- Your goal
Within the records that follow, restate exactly the lines from the line with "A modern business" down to the line with "jakki með tveimur", including both. Omit the pictures.

- Recorded data
※ ※ ※
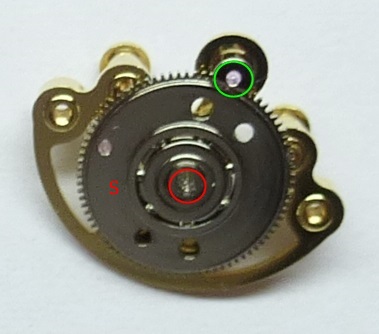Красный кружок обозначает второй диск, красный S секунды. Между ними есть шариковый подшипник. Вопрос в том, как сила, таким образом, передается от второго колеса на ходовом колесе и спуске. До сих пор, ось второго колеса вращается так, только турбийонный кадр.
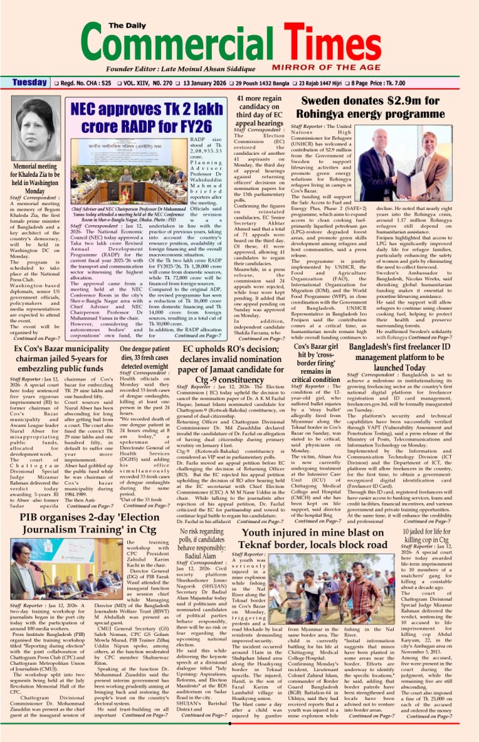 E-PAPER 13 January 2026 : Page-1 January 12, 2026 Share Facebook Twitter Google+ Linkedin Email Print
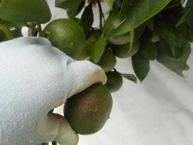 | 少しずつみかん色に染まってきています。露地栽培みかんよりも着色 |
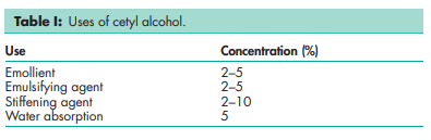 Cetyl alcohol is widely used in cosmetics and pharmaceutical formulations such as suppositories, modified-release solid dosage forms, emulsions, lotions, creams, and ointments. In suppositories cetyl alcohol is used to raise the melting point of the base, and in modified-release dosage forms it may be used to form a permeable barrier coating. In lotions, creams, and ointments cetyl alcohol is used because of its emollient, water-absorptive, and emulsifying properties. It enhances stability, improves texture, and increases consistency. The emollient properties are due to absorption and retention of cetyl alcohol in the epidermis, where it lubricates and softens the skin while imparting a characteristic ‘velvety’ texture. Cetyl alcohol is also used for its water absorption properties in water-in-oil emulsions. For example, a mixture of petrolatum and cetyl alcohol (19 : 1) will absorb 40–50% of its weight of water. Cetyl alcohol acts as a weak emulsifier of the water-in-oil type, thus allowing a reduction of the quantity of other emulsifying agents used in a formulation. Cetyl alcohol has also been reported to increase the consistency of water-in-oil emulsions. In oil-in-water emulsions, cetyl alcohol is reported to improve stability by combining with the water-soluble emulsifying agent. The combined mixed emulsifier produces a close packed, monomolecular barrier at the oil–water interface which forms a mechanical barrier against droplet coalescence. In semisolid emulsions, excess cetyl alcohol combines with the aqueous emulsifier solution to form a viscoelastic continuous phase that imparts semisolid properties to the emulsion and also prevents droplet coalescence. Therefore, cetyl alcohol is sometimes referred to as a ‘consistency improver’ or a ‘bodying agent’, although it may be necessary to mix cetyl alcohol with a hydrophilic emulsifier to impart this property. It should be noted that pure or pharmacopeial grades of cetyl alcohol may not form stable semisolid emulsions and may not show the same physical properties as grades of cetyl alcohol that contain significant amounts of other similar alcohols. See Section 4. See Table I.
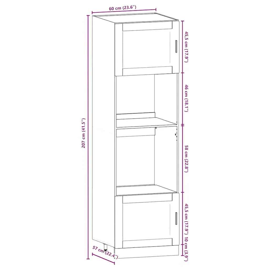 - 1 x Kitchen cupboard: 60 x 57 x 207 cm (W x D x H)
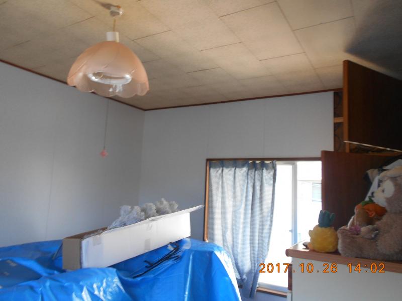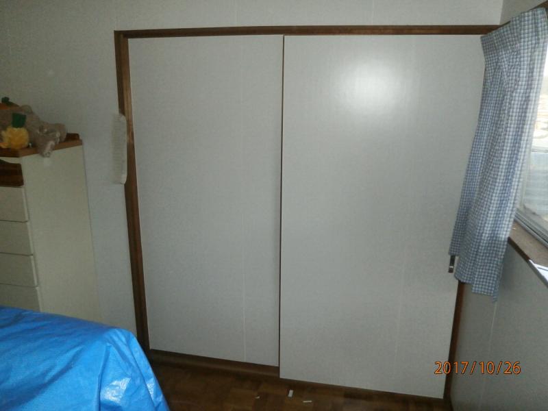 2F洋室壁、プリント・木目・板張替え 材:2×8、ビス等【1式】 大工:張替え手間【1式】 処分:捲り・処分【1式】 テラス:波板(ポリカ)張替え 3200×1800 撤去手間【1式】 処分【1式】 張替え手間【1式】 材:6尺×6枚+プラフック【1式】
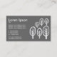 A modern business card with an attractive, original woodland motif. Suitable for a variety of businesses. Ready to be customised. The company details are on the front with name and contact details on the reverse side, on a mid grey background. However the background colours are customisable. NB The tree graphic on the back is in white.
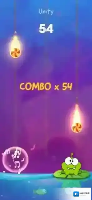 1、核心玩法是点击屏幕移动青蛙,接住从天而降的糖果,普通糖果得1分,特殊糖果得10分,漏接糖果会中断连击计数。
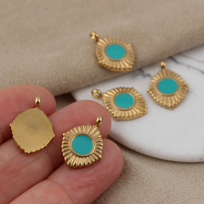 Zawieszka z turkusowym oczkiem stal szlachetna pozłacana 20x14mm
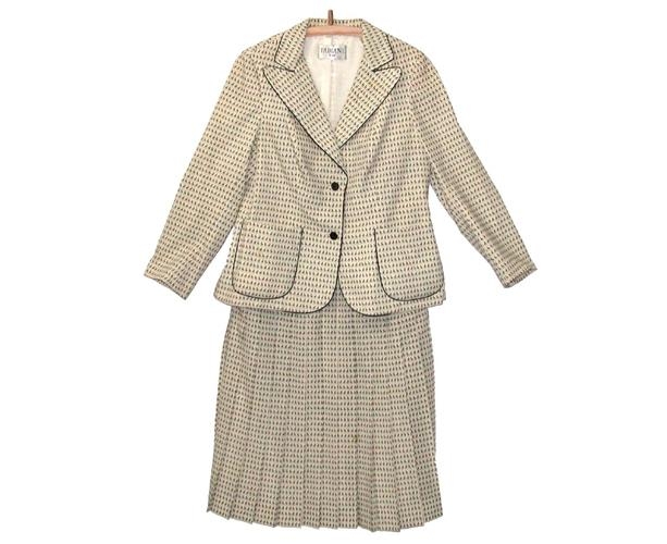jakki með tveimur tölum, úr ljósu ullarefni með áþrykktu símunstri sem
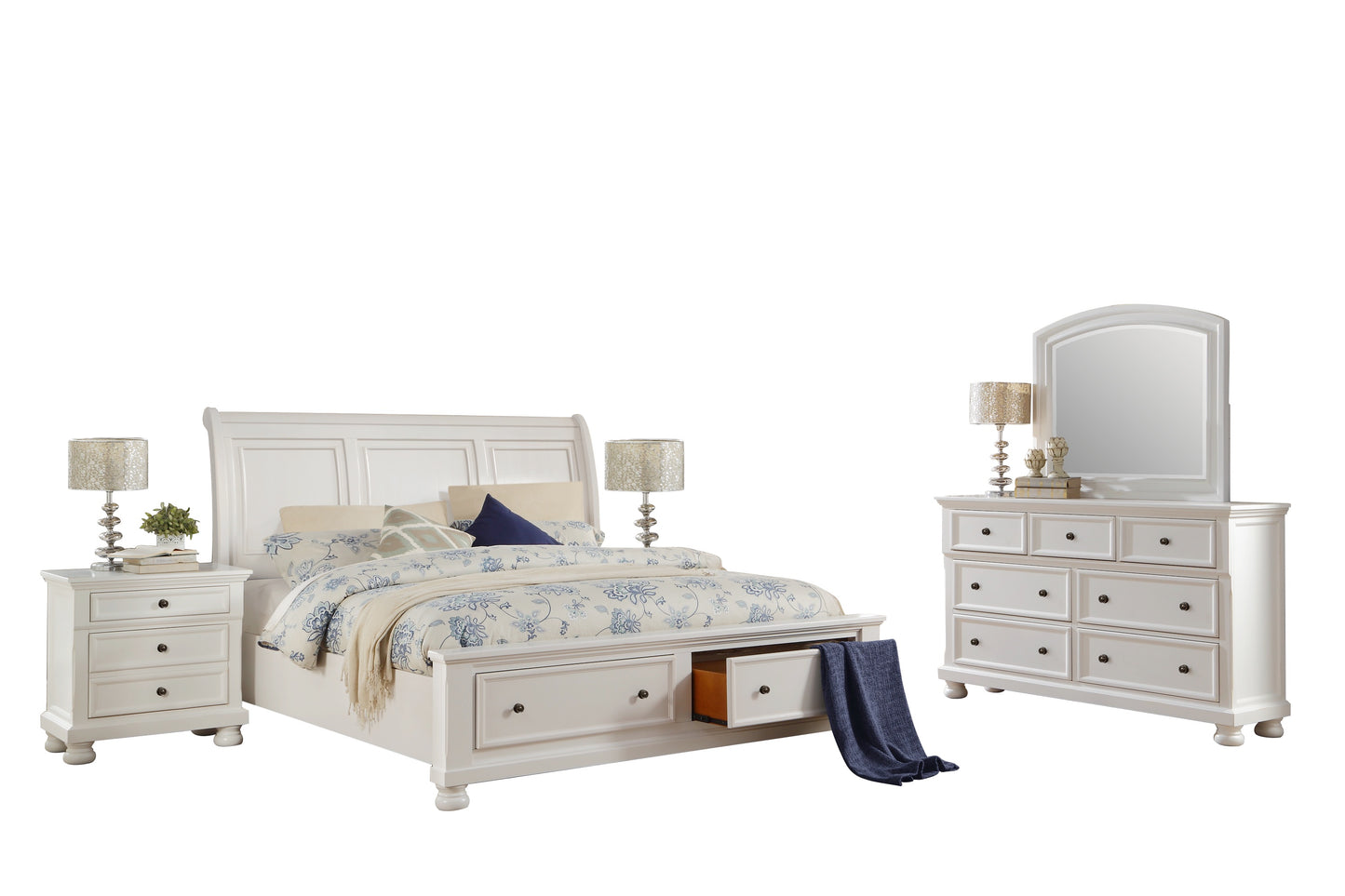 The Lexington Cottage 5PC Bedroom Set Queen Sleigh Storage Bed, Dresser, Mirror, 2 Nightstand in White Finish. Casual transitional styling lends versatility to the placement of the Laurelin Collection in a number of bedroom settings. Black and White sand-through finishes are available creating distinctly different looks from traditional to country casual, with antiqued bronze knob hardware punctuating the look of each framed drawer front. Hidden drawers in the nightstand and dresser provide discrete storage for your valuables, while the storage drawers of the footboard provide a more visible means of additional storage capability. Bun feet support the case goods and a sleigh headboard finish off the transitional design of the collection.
※ ※ ※
- Exercise response
 A modern business card with an attractive, original woodland motif. Suitable for a variety of businesses. Ready to be customised. The company details are on the front with name and contact details on the reverse side, on a mid grey background. However the background colours are customisable. NB The tree graphic on the back is in white.
 1、核心玩法是点击屏幕移动青蛙,接住从天而降的糖果,普通糖果得1分,特殊糖果得10分,漏接糖果会中断连击计数。
 Zawieszka z turkusowym oczkiem stal szlachetna pozłacana 20x14mm
jakki með tveimur tölum, úr ljósu ullarefni með áþrykktu símunstri sem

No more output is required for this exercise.